Different metrics to evaluate the performance of a Machine Learning model

Swapnil Vishwakarma
Analytics Vidhya
Published in
13 min readMar 14, 2021
Designed by Freepik www.freepik.com

In this article, we will understand what does performance metrics mean, what are the various types of performance metrics for a machine learning model also we will cover their advantages and drawbacks.

To understand what does performance metric means, I would like to give you an example of a swimming competition. Here all the competitors swim across the length of the pool to reach the finish line as soon as possible. So here we can say that the performance metric of a swimmer is the time he/she has taken to reach the finish line, the lesser the time taken the better is the performance of a swimmer. But if we talk about a football game of 90 minutes long then time is the constraint and not the performance metric. The performance metric in a football game is the number of goals scored, the higher the better. Now you can see how the metric changes according to the situation likewise we have different performance metrics for different problem statements in machine learning. So what does performance metric in machine learning mean? Well, the performance metric is the measure of how well a model performs on the unseen dataset. Typically the performance is measured after splitting the whole dataset into train and test datasets in 80:20 ratio respectively i.e. 80% of the dataset is used for training and the rest 20% is used for testing.

Choosing the right metric is equally important as choosing the right Machine Learning algorithm so that model’s performance does not degrade even after deployment. Hence to choose the right metric, we need to know the pros and cons of each metric and when to use what metric. First, we will be focusing on the classification tasks then we will see which metric is suitable for regression tasks.
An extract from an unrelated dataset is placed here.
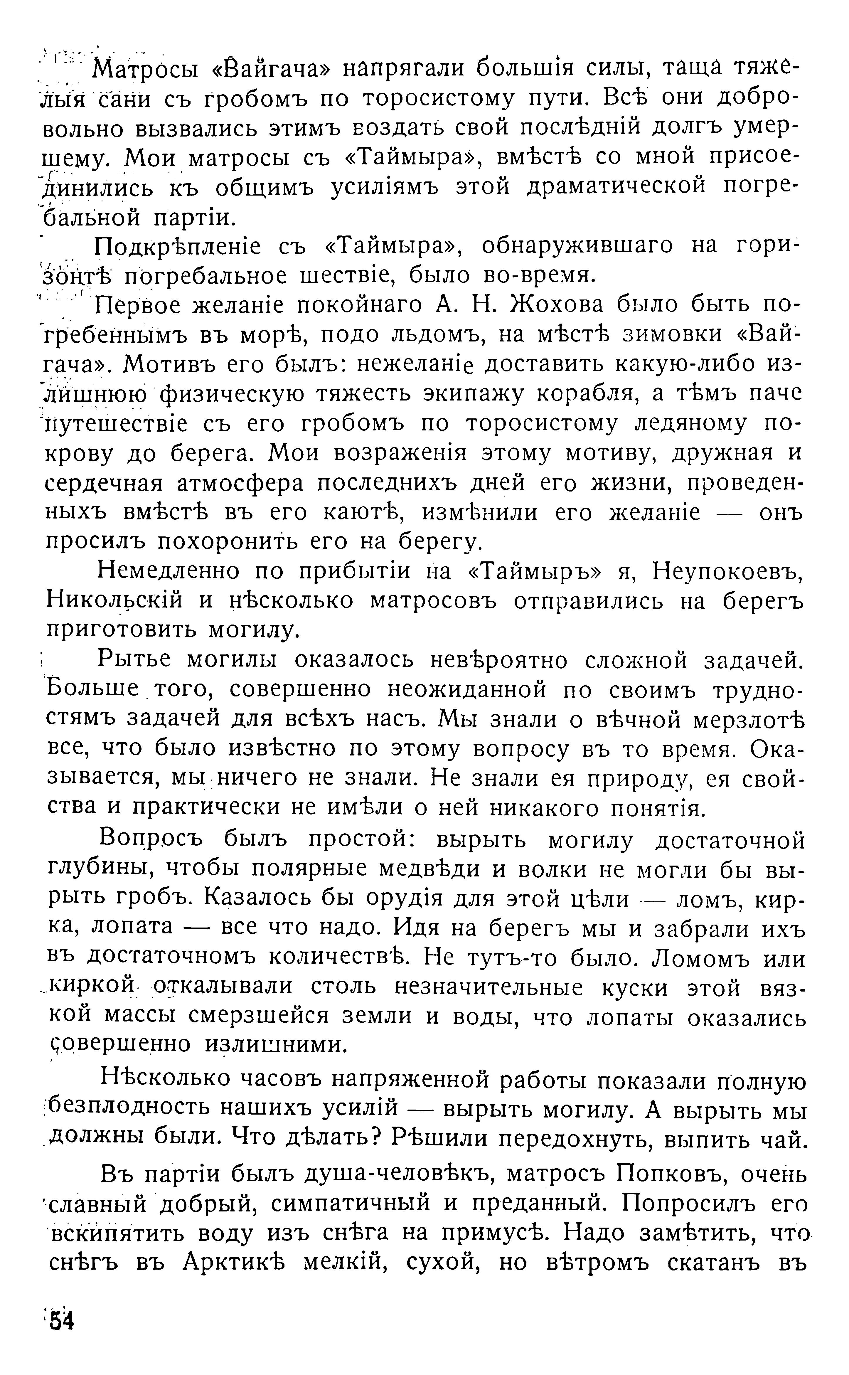 Первое желаніе покойнаго А. Н. Жохова было быть погребеннымъ въ морѣ, подо льдомъ, на мѣстѣ зимовки «Вайгача». Мотивъ его былъ: нежеланіе доставить какую-либо излишнюю физическую тяжесть экипажу корабля, а тѣмъ паче путешествіе съ его гробомъ по торосистому ледяному покрову до берега. Мои возраженія этому мотиву, дружная и сердечная атмосфера последнихъ дней его жизни, проведенныхъ вмѣстѣ въ его каютѣ, измѣнили его желаніе — онъ просилъ похоронить его на берегу.

We will understand the following metrics:

Accuracy

Confusion Matrix

Precision, Recall and F1-Score

ROC and AUC

Log Loss

R² or Coefficient of Determination

Median Absolute Deviation of Errors

Distribution of Errors

Metrics for Classification task!

A classification problem can be solved in two ways. First by using class labels or second by using probability scores.

Consider a binary classification with positive and negative classes.

1. Accuracy

It is defined as the ratio of the total no. of correctly classified points to the total no. of points in the test dataset.

It always lies between 0 and 1 (both inclusive), 0 being the worst and 1 being the best measure of accuracy.

Consider the football game again, suppose a player is trying to score as many goals as possible provide 10 chances. If the player manages to score 6 goals of the 10, then the accuracy is simply 6/10 which is 60%.

Similarly to determine the accuracy of a machine learning model, suppose I have 100 points in the test dataset and out of which 60 points belong to the positive class and 40 belong to the negative class. Now the model predicts 53 points as positive points and 35 points as negative points. After summing all the correctly classified points by the model we get a total of 88 correctly classified points which means the accuracy of our model is 88%.

Advantage:

It is one of the easiest metrics to understand.

Drawbacks:

1) Imbalanced dataset

Out of 100 points in the test dataset say 95 points belong to the positive class and only 5 points belong to the negative class. Let’s say I have a dumb model, and it only predicts the point to be in a positive class. Here we can see how even a dumb model can get an accuracy of 95% which is obviously not sensible. Therefore we should never use accuracy as a measure when we have an imbalanced dataset.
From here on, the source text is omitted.